Here's what I'm trying to do:
I'm trying to find invalid html tags and if there's too many, bump the sa
score up a bit.  I noticed a bunch of messages come in with obfu like this
"v-wo<notatag>rd" in the body of the html message, which shows up as
"v-word" on a normal webmail or outlook email client.  I want to see how
many "notatag"s we're getting in a message.  I got the code on how to do
it and it works fine, but it's just WAY too slow using PMS::get_message().
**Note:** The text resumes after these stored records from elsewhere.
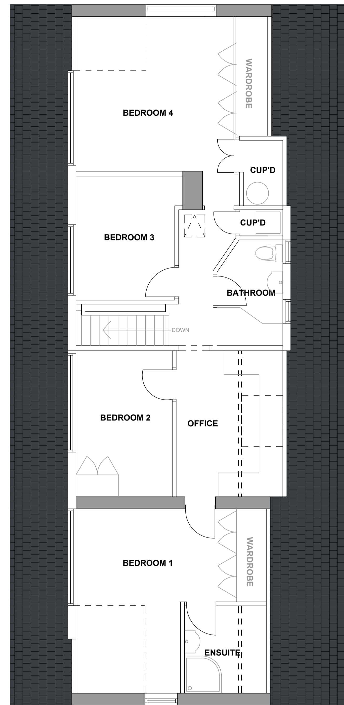
EXISTING FIRST FLOOR PLAN SCALE - 1:50 @ A1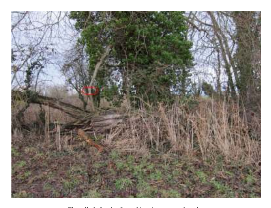
The telltale Logica L marking the treasure location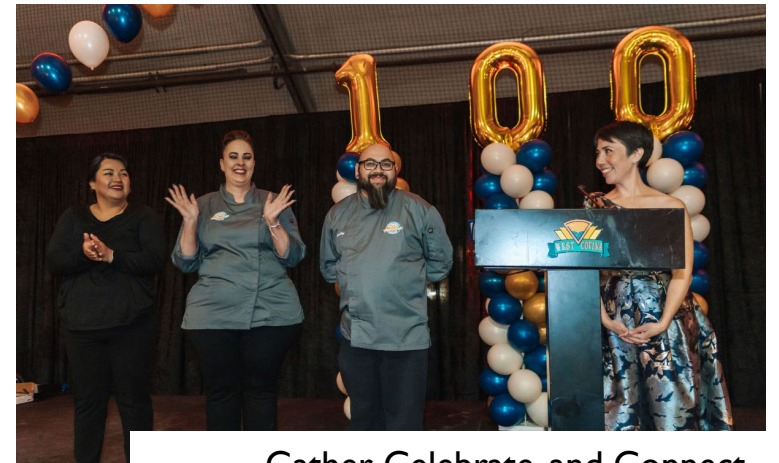
Gather, Celebrate, and Connect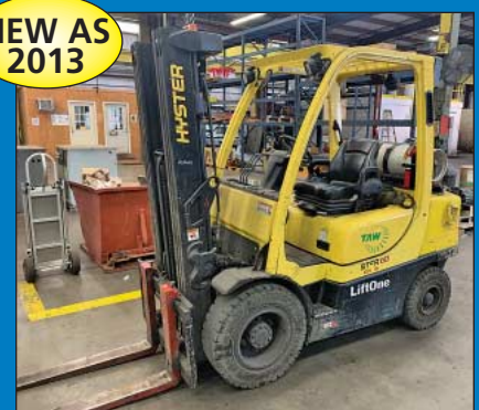
(3) Forklifts to 10,000 Lb. Cap.

The PMS::get_decoded_stripped_body_text_array() will work for html only
messages, which is more than likely the only way this type of obfu will
work.  I don't know of any way a text message can take advantage of the
email clients like this.

Thanks,
Keith


Re: 'non-pristine message'?

Posted by Keith Hackworth <ke...@rpemail.com>.
> On Wed, Oct 27, 2004 at 09:35:11AM -0400, Keith Hackworth wrote:
>> > I'm guess you want PMS::get_decoded_stripped_body_text_array().
>>
>> Thanks, Theo - this may work for html only messages, which might be good
>> enough for what I'm trying to do.  I need just the HTML version of the
>> email.  No attachments, just the HTML body.  If the 1st part if
>> multipart,
>> I need the 1st html part.
>
> If you want to limit what you're looking at in that way, you'd need to
> access
> the Message object directly and use find_parts to grab just the first
> matching
> part you're interested in.  The PMS functions work on all text/* parts,
> and
> aren't limited to HTML.
>
>> Here's what I'm trying to do:
>> I'm trying to find invalid html tags and if there's too many, bump the
>> sa
>> score up a bit.  I noticed a bunch of messages come in with obfu like
>> this
>> "v-wo<notatag>rd" in the body of the html message, which shows up as
>> "v-word" on a normal webmail or outlook email client.  I want to see how
>> many "notatag"s we're getting in a message.  I got the code on how to do
>> it and it works fine, but it's just WAY too slow using
>> PMS::get_message().
>
> Yeah, that'll get you a bunch of stuff you really don't care about.
> get_decoded_stripped... is also not the right thing, since it will have
> stripped all the HTML tags.  I'd try get_decoded_body_text_array(),
> or since you're doing code anyway, just use find_parts and grab the
> m@^text/html@i parts of the message.  You can then easily call decode()
> on them (object function) and get the raw HTML out.
>
> Just curious though, why limit yourself to invalid html tags?  Why not
> just
> target the html-tag-in-middle-of-word behavior?   and isn't this the same
> idea
> as the backhair code?
>
> --
> Randomly Generated Tagline:
> "Exactly what it should've been, give people what they expect.  The third
>  one can be clever."               - John Hughes about Home Alone 2
>

Wow!  I guess if I RTFM a little better, I'd save myself a lot of trouble.
 I didn't realize backhair did this already.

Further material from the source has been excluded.